Common debug queries
-- Check network events for a domain
SELECT * FROM net_events WHERE domain LIKE '%example%' ORDER BY timestamp DESC LIMIT 10;
-- Verify MCP tool calls were logged
SELECT server_name, tool_name, decision, duration_ms FROM mcp_calls ORDER BY timestamp DESC;
-- Check model API calls
SELECT provider, model, status_code, duration_ms FROM model_calls ORDER BY timestamp DESC;
-- File system events
SELECT operation, path, success FROM fs_events ORDER BY timestamp DESC LIMIT 20;
End-to-end validation is not optional
After any change touching guest binaries, network policy, telemetry, MCP, or VM lifecycle:
just run "capsem-doctor"-- verifies sandbox integrity inside the VM- After telemetry/logging changes: run a real session and verify with
just inspect-sessionthat all 6 tables (net_events, model_calls, tool_calls, tool_responses, mcp_calls, fs_events) are populated correctly
When tests fail
Never dismiss a test failure as "pre-existing" or "unrelated." Every failure must be investigated. Follow the dev-debugging workflow:
- Do not change the test to make it pass. The test is evidence. Changing the assertion to match broken behavior destroys that evidence.

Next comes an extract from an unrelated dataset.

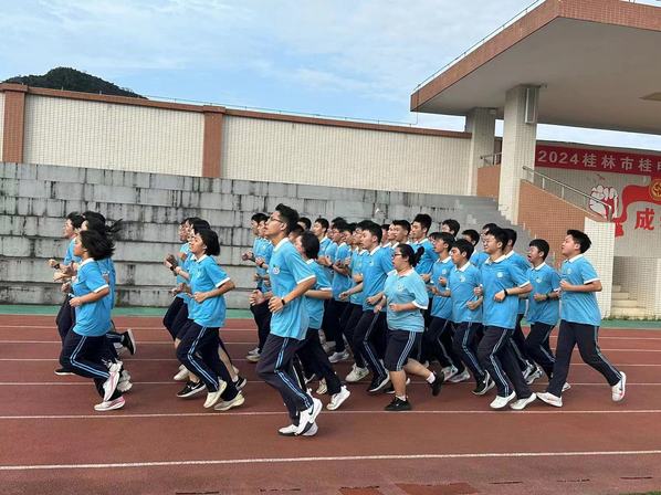 阳光体育、跃动青春。为引导学生积极参与体育运动,提高学生身体素质与课间跑操质量,培养集体主义精神,增强班级的凝聚力、向心力和积极向上的竞争力,构建更加和谐、富有活力的校园文化氛围,5月28日下午,桂电中学举行了高一、高二年级2024年跑操比赛活动。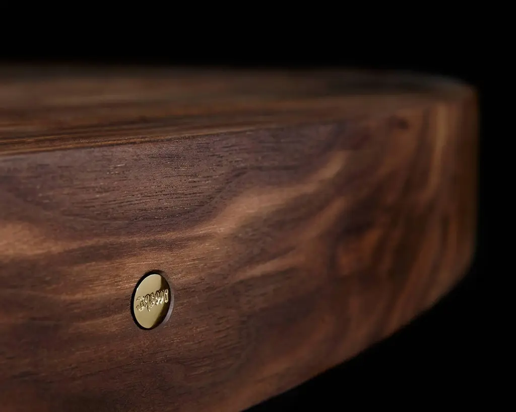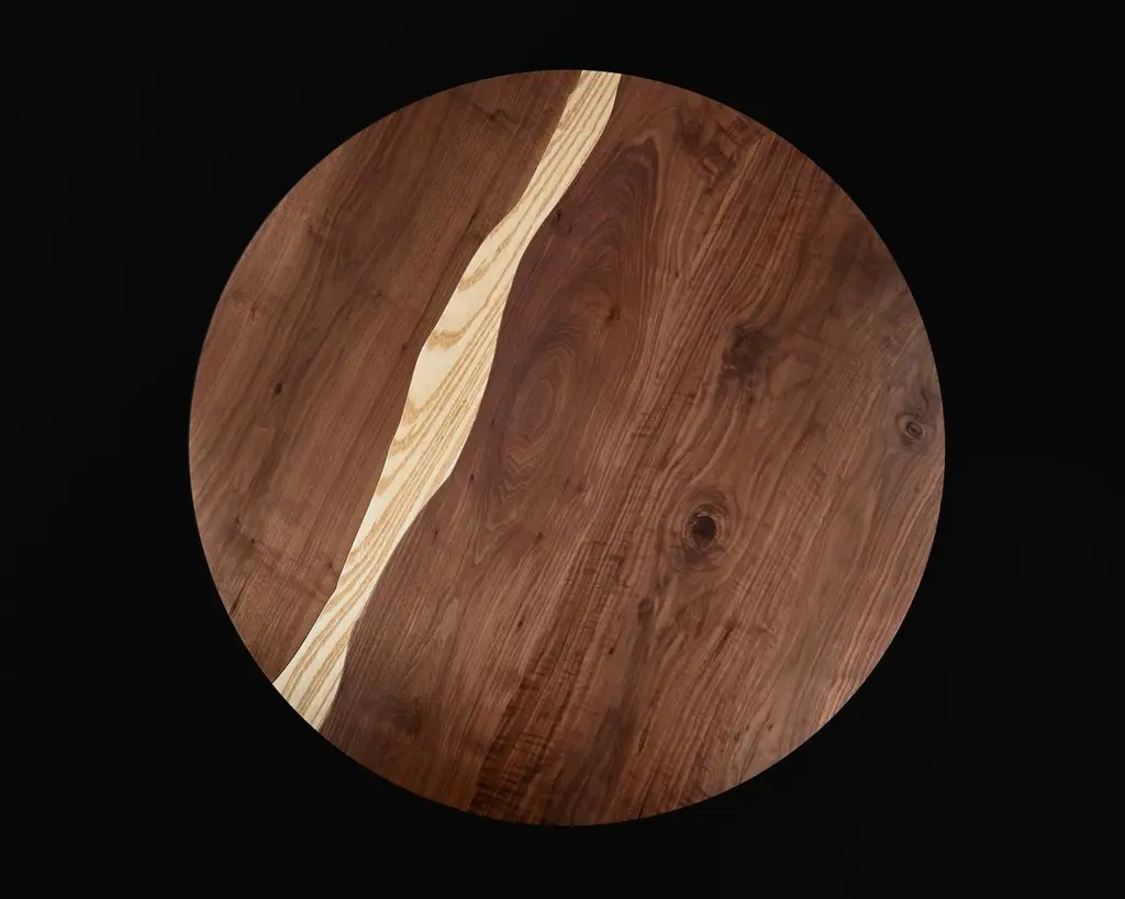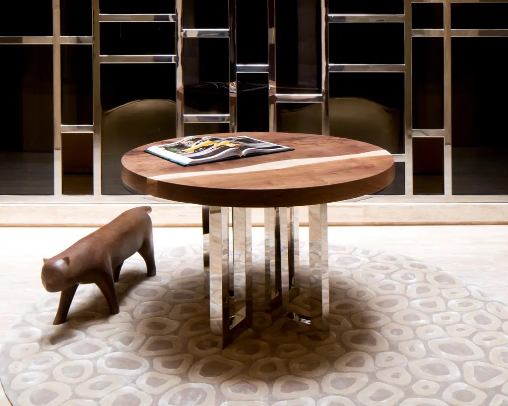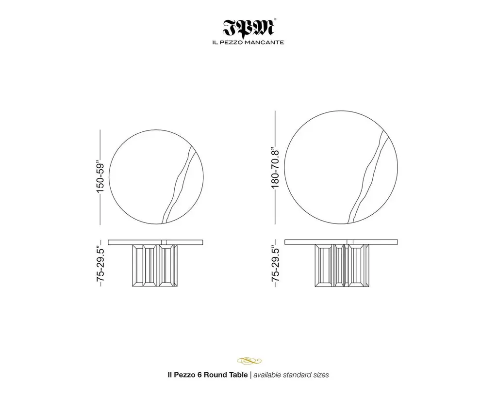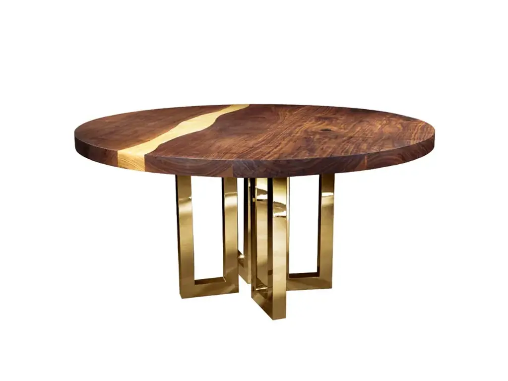 A solid block of walnut held up by what seems to be a casually arranged group of glittering legs. A composite of contrasting elements, massive and sophisticated, strong and passionate; Il Pezzo 6 Table is a harmonious and timeless whole.The tabletop is made of 7 cm thick solid walnut and it’s gently crossed by a vein which reminds a majestic river, made of solid ash or wenge stained solid wood. The choice of the wood grain alignment is done with great care to create flowing veins and colors.The treatment on the wood is done with natural oil that protects the wood but at the same time allows it breathe, leaving the extraordinary feel of this beautiful, natural material unchanged to the touch. Furthermore the final coat on the top is done with Nanotechnology, an organic silica- based natural treatment which makes the wood water repellent. The legs are mad of hand- welded brass, available in different finishes.Each table shows the “Missing Piece” (“Pezzo Mancante” in Italian): a small brass cylinder containing a unique serial number, guarantees its authenticity and individuality.Custom sizes and finishes are also available to suit every preference.All our masterpieces are meticulously crafted in our Atelier located in Florence, Italy, from a small team of people driven by a shared passion for quality and beauty. We constantly strive to create unparalleled works of art, where each piece is a testament to our commitment to craftsmanship and innovation.Top: solid walnut and solid ashBase: gold finish brassSize: diameter 150xH75 cm - diameter 59"xH29.5"

- Reproduce and diagnose first. Understand why it fails before writing any fix. See the dev-debugging skill for the full methodology: reproduce with a test, diagnose root cause, then fix comprehensively.

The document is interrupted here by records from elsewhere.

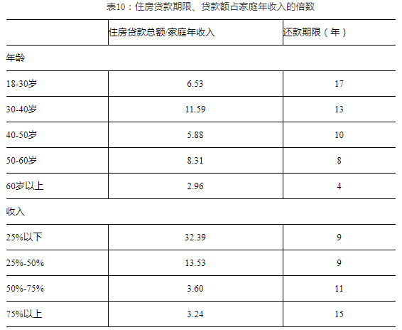 表10表明住房贷款总额远远大于家庭年收入,户主年龄在30-40岁之间的家庭负担最重,贷款总额平均为家庭年收入的11倍多;收入处于最低25%的那部分家庭贷款额达到了其年收入的32倍之多。由此可见,住房贷款是许多家庭的沉重负担,“房奴”在中国的确是一个值得关注的现象。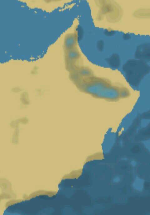 الصورة الجوية توضح نشاط التكونات شمال الحجر الغربي وسحب منخفضة متفرقة بسواحل ظفار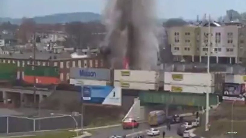 وأظهر مقطع مصور عرضته قناة )دبليو.تي.إكس.إف( التلفزيونية، اليوم السبت، تصاعد ألسنة اللهب وأعمدة الدخان والغبار والحطام إلى السماء.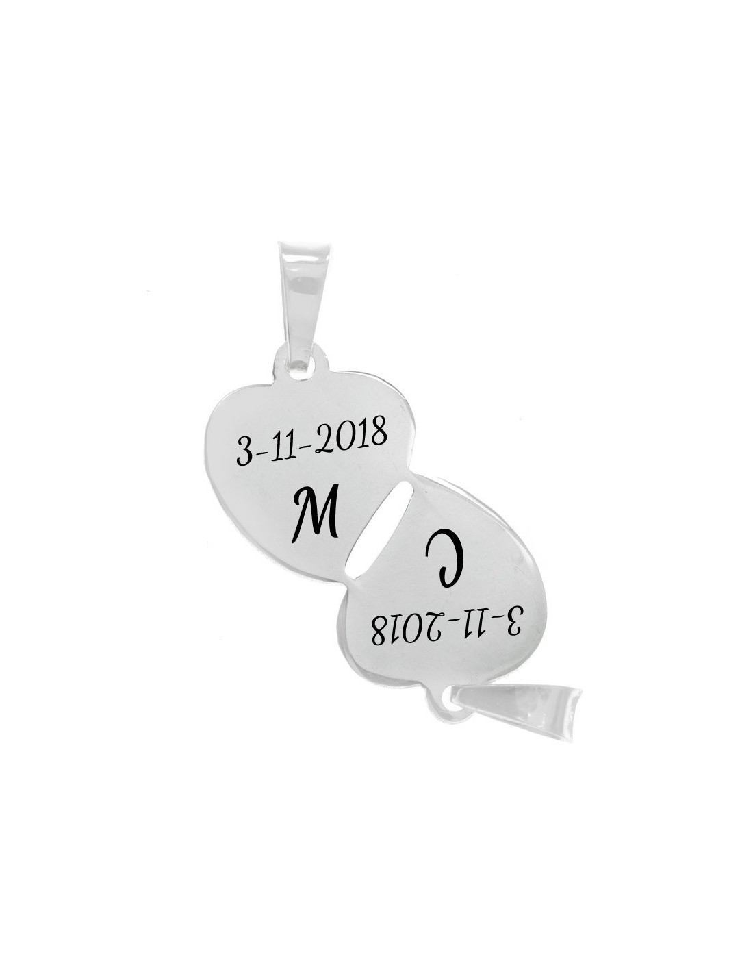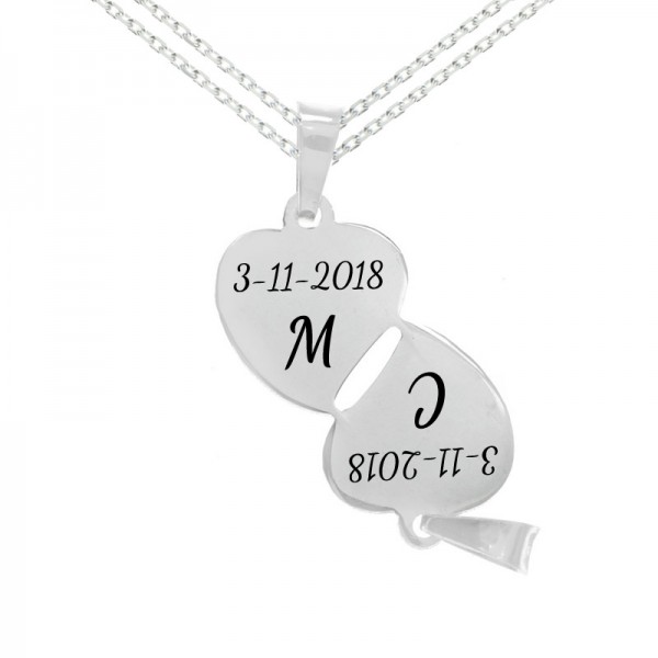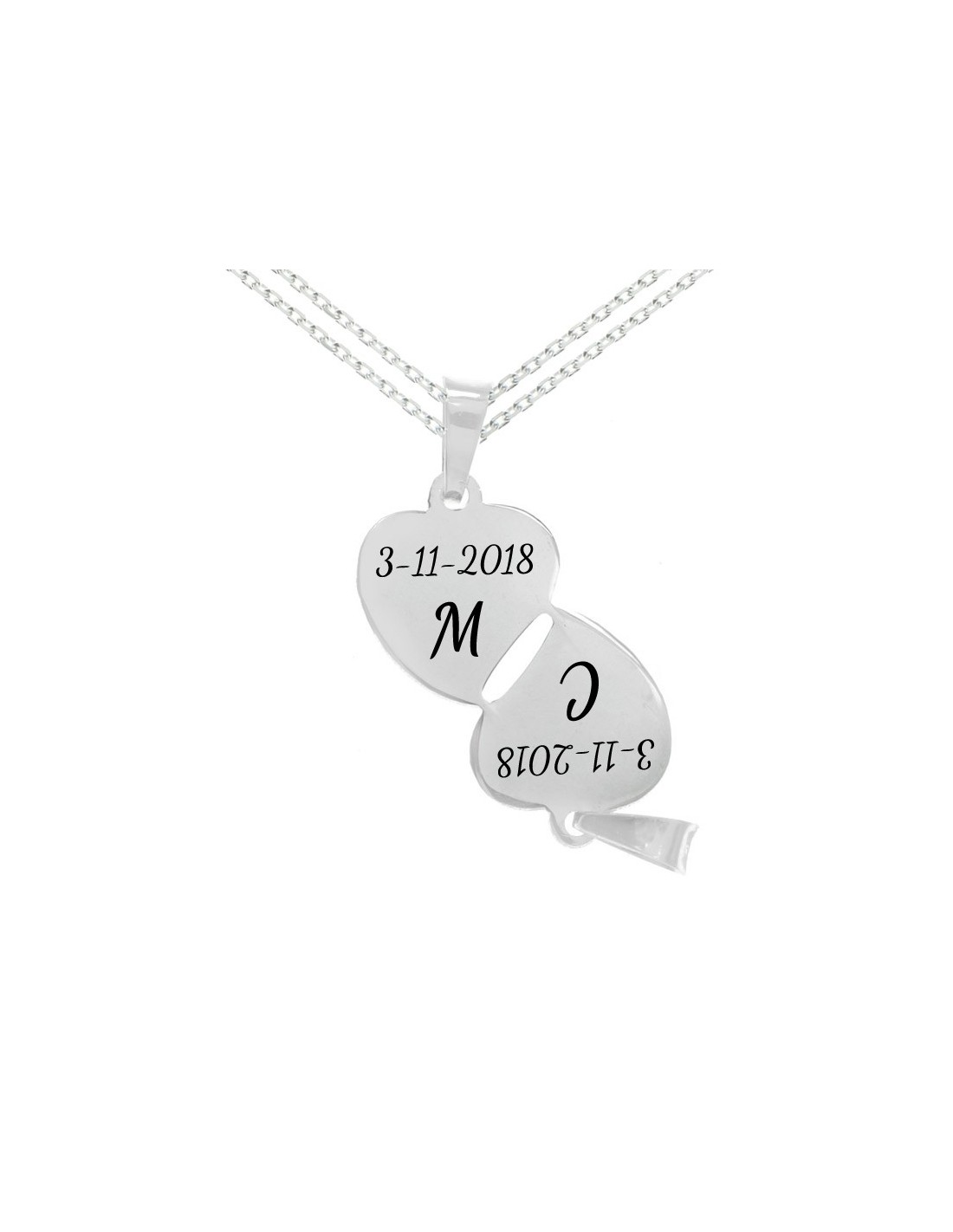 Colgante para dos doble corazón Plata de Ley. Incluye dos cadenas.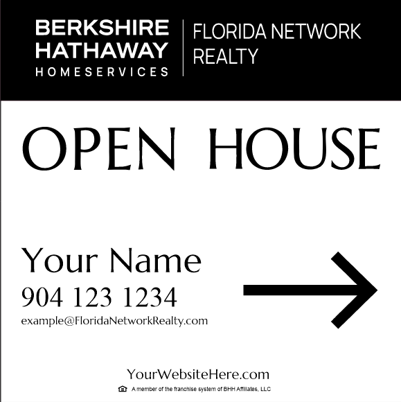 - Berkshire Hathaway HomeServices Realtor Black/White Side Arrow Open House Yard Sign 24"x24" - No Photo (Stake Included)

- Fix the code, not the test. If the test is genuinely wrong (not the code), explain in detail why the test's expectation is incorrect before changing it.
Platform gating tests
cargo test --test platform_gating scans all .rs files under crates/ for macOS-only and Linux-only symbols (libc::clonefile, AppleVzHypervisor, KvmHypervisor, FICLONE, etc.) and verifies they appear inside #[cfg(target_os = "...")] blocks. This catches ungated platform APIs before they reach CI. Run this test when adding any platform-specific code.
Testable design
Extract logic into capsem-core -- never embed business logic in the app layer where it's coupled to Tauri. If you can't test something without booting a VM or launching the GUI, it belongs in core.